22 lipca na Scenie Malarnia odbędzie się premiera spektaklu Strategia w reżyserii Leszka Bzdyla.
Miejsce akcji:
- Polska. A w tej Polsce – pokoik, pokój. Ten pokój staje się teatrem. I są tam wygodne miejsca dla widzów. I jest tam aparatura teatralna i podłoga do tańczenia… i kilka jeszcze drobiazgów.
Czas akcji:
- Czas jest rozpięty pomiędzy to, co było a to, co jest teraz.
- Czas się miesza, bo nigdy nie chce być linearny.
- Czas się miesza tym bardziej, im więcej wysiłków, by go oswoić.
Akcja:
- Spowodowana jest obserwacją historyczno-socjologiczną.
- Punk postawił irokeza – strategia clowna.
- Człowiek na ulicy wrzeszczy – strategia psa.
- Jaś bawi się w sny i przebudzenia – strategia przetrwania.
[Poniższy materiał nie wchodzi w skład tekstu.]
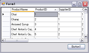 Private Sub Form1_Load(ByVal sender As System.Object, ByVal e As System.EventArgs) Handles MyBase.Load '1)変数の宣言 Dim OleConn As OleDb.OleDbConnection = New OleDb.OleDbConnection Dim OleDA As OleDb.OleDbDataAdapter Dim dtSet As DataSet = New DataSet("PRODUCTS") '2)接続文字列の作成 OleConn.ConnectionString = _ "Provider=Microsoft.Jet.OLEDB.4.0;" & _ "Data Source=C:\Work\Northwind.mdb;" & _ "Persist Security Info=False" '3)データを取得するためのSQL文を作成する OleDA = New OleDb.OleDbDataAdapter("SELECT * FROM Products", OleConn) '4)データセットにデータを取得する OleDA.Fill(dtSet, "PRODUCTS") 'DataGridViewに表示 DataGridView1.DataSource = dtSet.Tables(0) End Sub Private Sub Button1_Click(ByVal sender As System.Object, ByVal e As System.EventArgs) Handles Button1.Click '列の移動をできるようにする Me.DataGridView1.AllowUserToOrderColumns = True End Sub
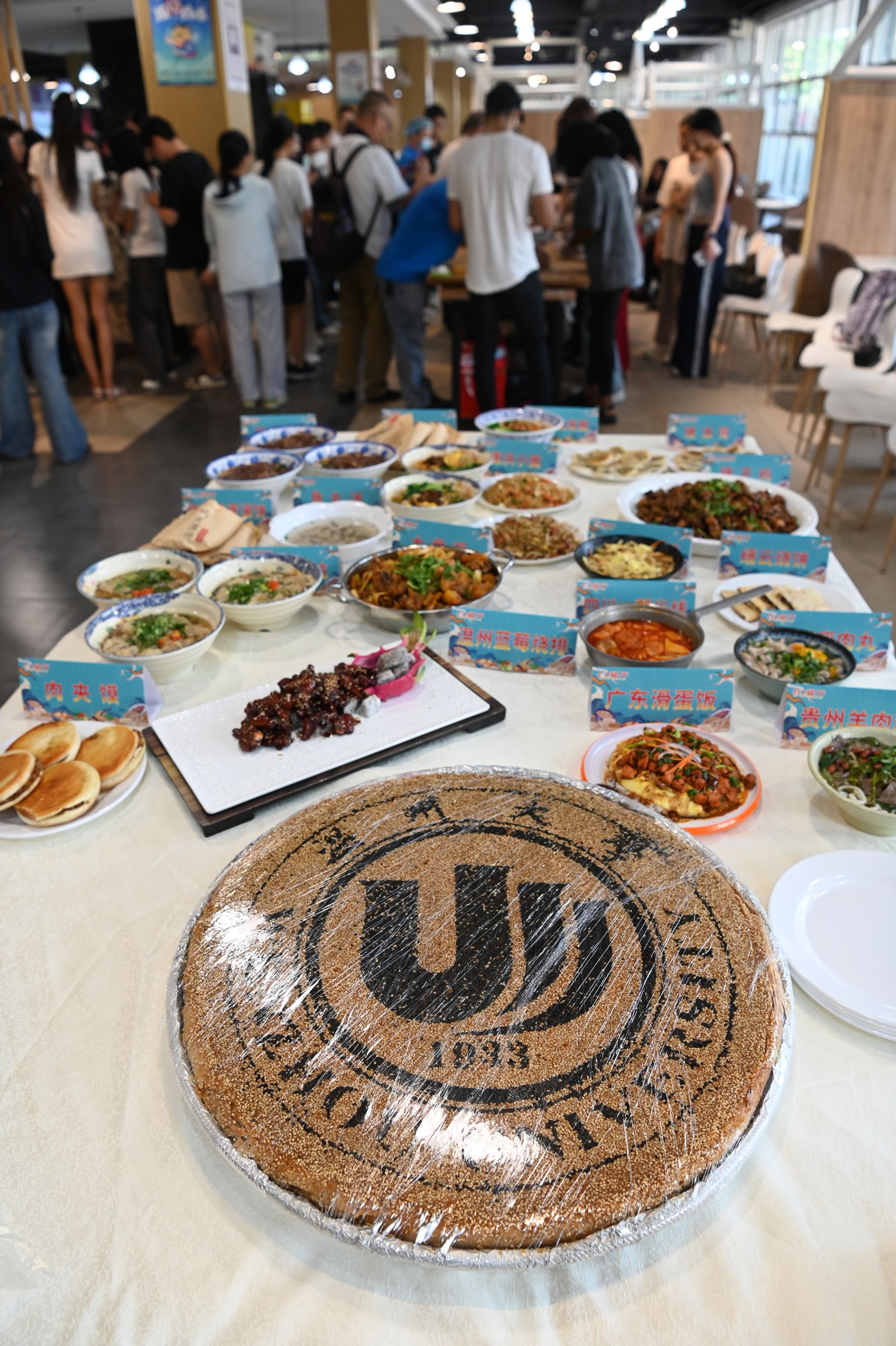 现场展示的巨型桥墩月饼格外吸睛——饼面印有满冠平台校徽,圆润造型与校徽元素相融合,寓意“校园团圆”。此外,活动现场还特设地方特色菜品鉴区,餐饮中心旗下各食堂精选南北风味菜品集中陈列,从劲道面食到鲜香小炒,涵盖多样口味。学子们自由品鉴美食,在满足味蕾的同时,在满足味蕾的同时拓宽文化视野。
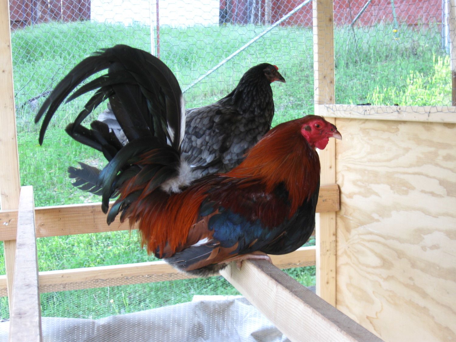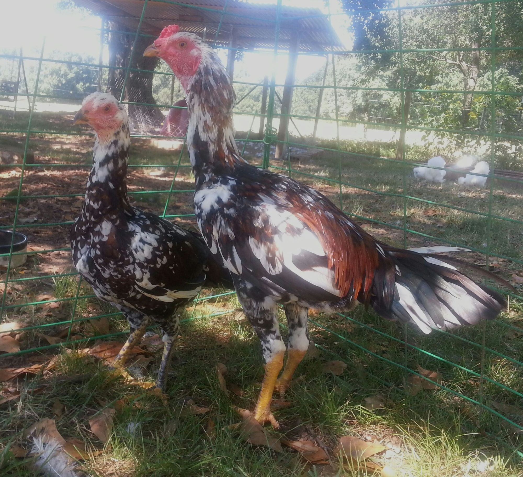 Hi, I'm new here. Here is a picture of my top cock, a brazillian game fowl with his pretty little blue hen. He's tough as nails-- has fought off a coyote and sent him packing (although i had to amputate a toe afterwards) and survived a dog attack that killed almost 20 other birds. He once attacked his reflection in the fender of a truck and dented the fender. He's gentle as a lamb with humans though-- i can pick him up and snuggle him if i'm quick. His name is Yeti.
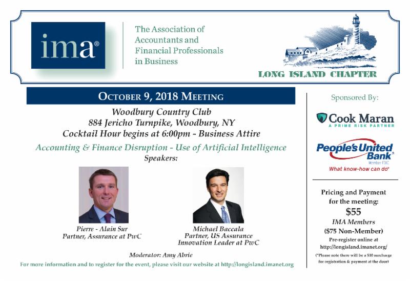 Fall is here and The IMA is in full swing to meet your educational and networking needs. We are updating our records and need your help. Please update your IMA profile (once at the global IMA webpage, click on "myIMA" then "myProfile" to update your contact information)to continue to receive important IMA information from your Long Island Chapter. As a member or non-member, please sign up here to receive the Long Island Chapter Newsletter . We hope you enjoy our new communications to you and I hope to see you at our next dinner meeting, October 9th, discussing Accounting & Finance Disruption - Use of Artificial Intelligence, being presented by leaders from PwC.

Leszek Bzdyl o spektaklu: „Dawno, dawno temu, to znaczy 11 stycznia 2003 roku po raz pierwszy opowiedziałam tę historię. Powiedzmy, że Strategia była wówczas spektaklem apolitycznym. Powiedzmy, że była ona wyznaniem oportunisty. Powiedzmy, że wystawianie Strategii, do połowy 2005 roku, niosło z sobą urok dojrzałej niedojrzałości. Ta opowieść o Jasiu w błędnym kole doświadczeń, niespodziewanie/spodziewanie w 2005 roku straciła swoją lekkość. W Państwie na Pe, czyli tam, gdzie zagubiony jest bohater Strategii, obudzono się ze snu pod tytułem: Właściwie, to wszystko jest w miarę dobrze, nieprawdaż? Wróciła Historia, a z nią retoryka bieli-czerni. Zaczęto budować barykadę i pozycjonować przeciwników. W 2005 roku postawiono jedno z najokrutniejszych pytań: „Po której stronie barykady jesteś? Czy aby nie tam, gdzie niegdyś stało ZOMO?”. I to pytanie, które zawisło nade mną w Państwie na Pe zmieniło, w moim odczuciu, wymowę spektaklu. Strategia zrymowała się z Polityką. I chcąc być wolnym od Tego Wszystkiego wycofałem, w owym 2005 roku, tytuł z mojego repertuaru. Ale błędne koło, zaklęte koło Historii, znowu utknęło w glinie i nie mogąc się z tej gliny wydobyć żłobi w ziemi coraz głębszą dziurę. Ostatnio stale wracałem do opowieści zapisanej w Strategii. Zastanawiałem się, czy nie zaryzykować, czy nie wznowić tego spektaklu. Mój bohater byłby już pięćdziesięcioletnim mężczyzną, a jego przemieszczanie się z teraz, które jest snem, w przeszłość, która jest przebudzeniem, byłoby jeszcze dotkliwsze. Koniec końców, podejmuję ryzyko ponownego wejścia do tej samej rzeki. Muszę sprawdzić, czy Strategia zarezonuje w kontekście obecnej zawieruchy politycznej. Czy ten one-men-show o próbie przetrwania w ciężkich czasach spotka się z widownią, jak bohater Strategii, zagubioną w Państwie na Pe?”